About us – a timeline

Xspray Pharma has developed today’s technology and refined the business model for a long time.

Bioequivalence is achieved in pivotal bioequivalence study with HyNap-Dasa 505(b)(2) compared with the reference product Sprycel®. The result demonstrate that the dose strength can be reduced by 30% but still yield the same uptake in the body as the reference product. HyNap-Dasa is named Dasynoc. The application for US market approval of the first product candidate Dasynoc (dasatinib) is submitted to the Food and Drug Administration (FDA) under the 505(b)(2) NDA procedure, which is the registration path that applies to improved drugs.
The company decides to focus entirely on improved PKIs, since the value of generics in the calculating models has gradually decreased, while the value of improved drugs has instead increased.

The essential supply chain for the commercial production of HyNap-Dasa from supply of the active substance to the final product is secured. Study demonstrates that solubility and absorbtion of HyNap-Dasa is not dependent on the gastric acidity (pH level), and is not affected during proton pump inhibitor treatment, like Omeprazol. Preparations for submission of Xspray Pharma´s first application for market approval to the FDA completed. Development work carried out for the next product candidate HyNap-Nilo (nilotinib). The FDA’s Orphan Drug Designation (ODD) is granted to Xspray Pharma for nilotinib oral formulation intended for the treatment of chronic myeloid leukemia. Planning for a manufacturing facility in Malta started.

2017 – 2019
Start of the scale up of the HyNap technology begins.
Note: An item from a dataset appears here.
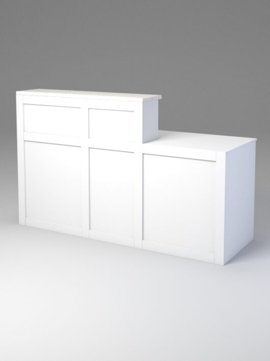 Конструкция имеет закрытый фасад с декоративной верхней столешницей. Столешница изготовлена из влагостойкой ЛДСП толщиной 38мм. С внутренней стороны стойки имеется столешница для бармена, а также шесть отделений для хранения инвентаря. Слева расположена открытая тумба с двумя отделениями. При необходимости, на тумбу устанавливается витрина с полками.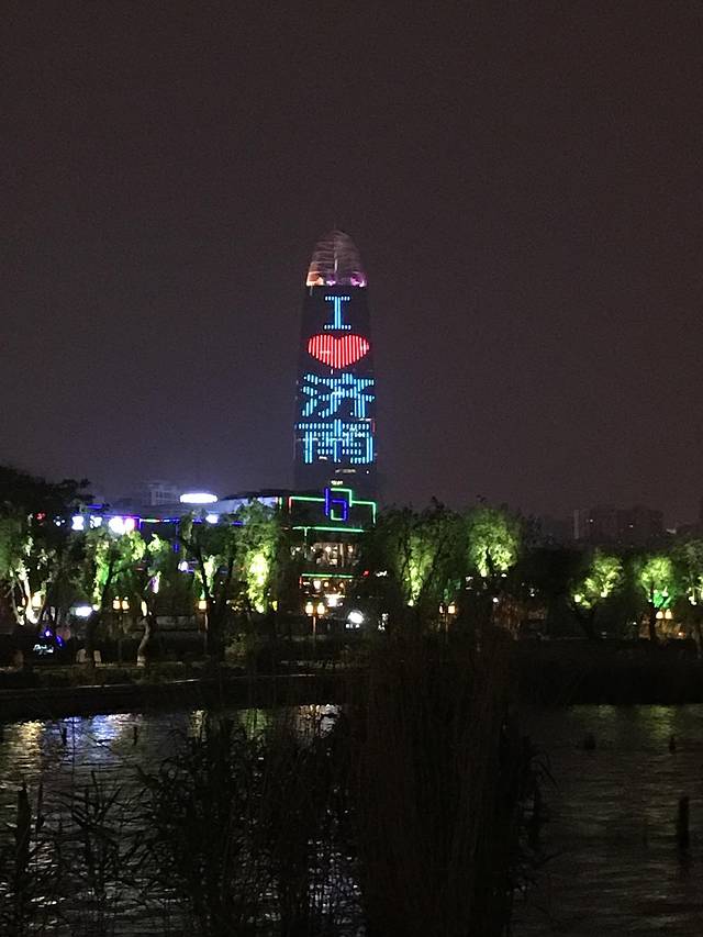 夜幕已经降临,湖边华灯初上。

Development of a new GMP-classified production facility with the Italian partner NerPharMa. First GMP batch of HyNap-Dasa amorphous material manufactured on a commercial scale. Development of final tablet of HyNap-Dasa and manufacture of GMP batches on a commercial scale of final tablets at a US supplier.

2011 – 2016
The Company’s HyNap technology is developed with a focus on protein kinase inhibitors (PKIs). Positive results are shown from three clinical studies of an improved and generic version of HyNap-Dasa, respectively. The FDA confirms that the Company’s clinical trials with HyNap-Dasa can be performed in healthy subjects and that no studies on cancer patients are required for approval.

2003 – 2010
Xspray Pharma was founded, based on the development of a new nozzle that enables a unique upscaling of particle technology. Scale-up of technology proven in a new pilot plant ten times larger than the lab system.